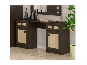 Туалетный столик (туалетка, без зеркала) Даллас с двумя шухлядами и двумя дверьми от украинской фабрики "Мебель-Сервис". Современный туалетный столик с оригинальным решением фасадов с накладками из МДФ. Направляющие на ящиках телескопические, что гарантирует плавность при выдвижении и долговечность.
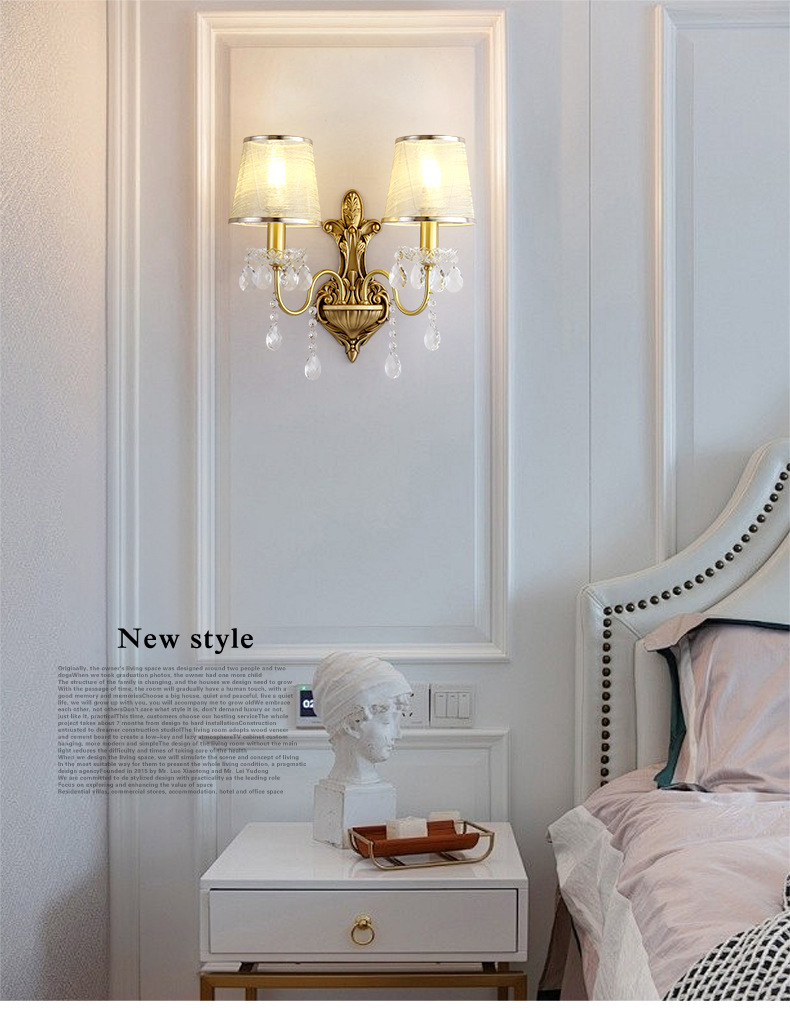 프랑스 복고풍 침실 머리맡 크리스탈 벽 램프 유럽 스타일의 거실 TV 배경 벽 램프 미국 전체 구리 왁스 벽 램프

...

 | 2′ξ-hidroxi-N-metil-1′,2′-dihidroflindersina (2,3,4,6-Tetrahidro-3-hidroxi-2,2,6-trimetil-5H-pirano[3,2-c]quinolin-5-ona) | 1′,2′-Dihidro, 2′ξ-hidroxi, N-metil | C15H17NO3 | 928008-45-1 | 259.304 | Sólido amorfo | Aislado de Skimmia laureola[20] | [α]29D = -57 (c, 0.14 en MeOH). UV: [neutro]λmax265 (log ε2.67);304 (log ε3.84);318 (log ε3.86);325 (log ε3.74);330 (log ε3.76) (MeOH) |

WORK INSTRUCTION:
Copy the listing above exactly, but only from the line with "Туалетный столик (туалетка, без" through the line with "프랑스 복고풍 침실 머리맡", including those two lines and excluding any picture.

ANSWER BELOW:
 Туалетный столик (туалетка, без зеркала) Даллас с двумя шухлядами и двумя дверьми от украинской фабрики "Мебель-Сервис". Современный туалетный столик с оригинальным решением фасадов с накладками из МДФ. Направляющие на ящиках телескопические, что гарантирует плавность при выдвижении и долговечность.
 프랑스 복고풍 침실 머리맡 크리스탈 벽 램프 유럽 스타일의 거실 TV 배경 벽 램프 미국 전체 구리 왁스 벽 램프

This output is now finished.